The promise of therapeutic camelid-nanobodies
Watch this on-demand webinar and learn about robust technologies for nanobody drug discovery.
About this webinar
Dr Yi Shi’s lab at the University of Pittsburgh Department of Cell Biology has recently developed a disruptive technology pipeline to revolutionise nanobody-based drug discovery. Using their approach, thousands of multi-epitope drug-quality nanobodies (Nbs) can be confidently identified and characterised for practically any antigen target.
In this on-demand webinar, Dr Shi explains how in response to the pandemic, the researchers recently identified over 8,000 high-affinity, multi-epitope nanobodies that target the receptor-binding domain (RBD) of SARS-CoV-2 Spike glycoprotein. This large repertoire of neutralising Nbs includes sub-pM affinity binders that inhibit viral infection at sub-ng/ml concentration – unprecedented for antibody fragments.
In follow-up structural studies, the researchers unravelled a plethora of mechanisms of virus neutralisation. Systematic structure-function studies demonstrated that potent neutralising Nbs are highly resistant to the circulating variants of concern and high-resolution cryoEM analysis of eight structures revealed novel and conserved epitopes inaccessible to large human antibodies. This event covers how the team’s structural study provided insights into how Nbs uniquely target the virus and will inform the design of novel sarbecovirus therapeutics.
Finally, the team demonstrated for the first time the high pre-clinical efficacy of a lead Nb (or any Nb) for inhalation treatment of SARS-CoV-2 infection; inhalation treatment drastically mitigated lung pathology and prevented pneumonia.
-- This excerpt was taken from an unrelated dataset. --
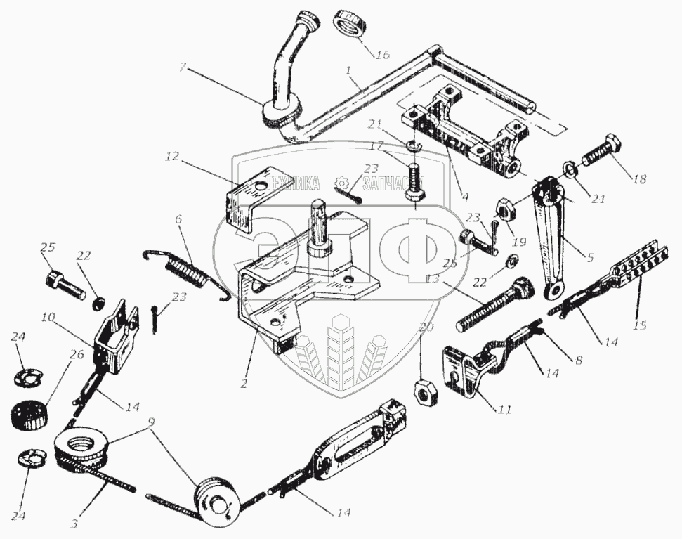 Каталог запасных частей к технике: Гомсельмаш КСК-100А. Механизм блокировки КПП КИЛ 0119100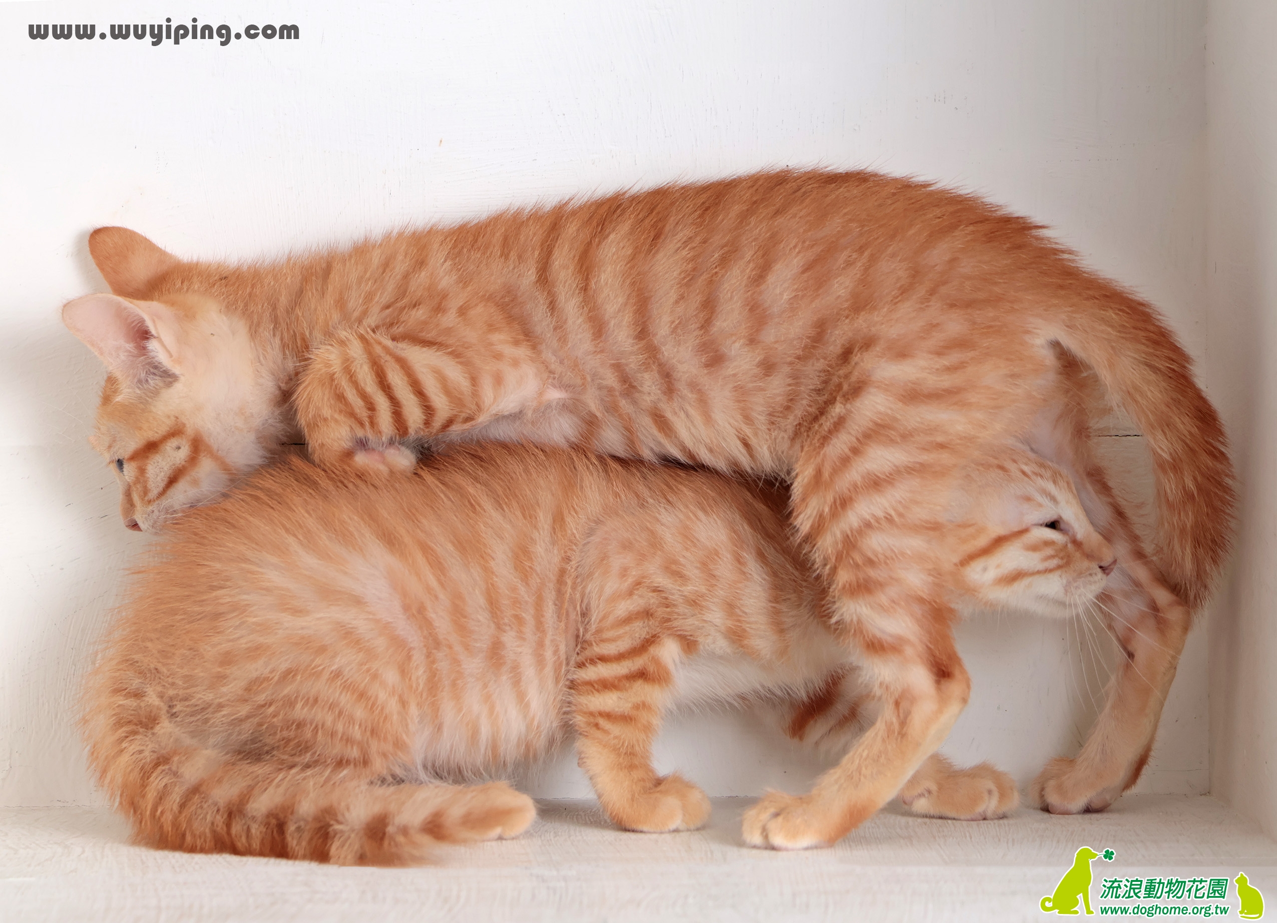 女神?對,這兩隻都是母的,如果世界第一稀有是公的玳瑁,那第二就是母的橘貓了,而且還一次兩隻母橘,比中樂透還難,過年不要買彩卷不要買刮刮樂了,浪費錢,把這兩隻帶回去,就能升官發財前途無量,然後就能買一堆貓用品貓玩具,更浪費錢。

Combined with the marked stability and low production cost, this novel therapy may provide a convenient and cost-effective option to the pandemic.
Dr Shi therefore explores how these Nb technologies open numerous exciting possibilities in translational science and therapeutic development.
Learning outcomes of this webinar
- Learn about robust technologies for nanobody drug discovery
- Find out about the development of ultrapotent and multi-epitope neutralising nanobodies against SARS-CoV-2 and its variants
- Hear about a novel inhalation therapy by nanobody aerosols for the treatment of SARS-CoV-2 infection
- Discover how structure and functional characterisation reveals a plethora of antiviral mechanisms of ultrapotent nanobodies
Dr Yi Shi, Assistant Professor, Department of Cell Biology, University of Pittsburgh School of Medicine
Dr Yi Shi received his PhD from Baylor College of Medicine. After postdoc training at the Rockefeller University in New York City, he started his own laboratory at the University of Pittsburgh, School of Medicine in 2017. His laboratory is interested in developing cutting-edge biotechnologies with a focus on mass spectrometry based proteomic techniques. The lab is also interested in antibody bioengineering and translational science.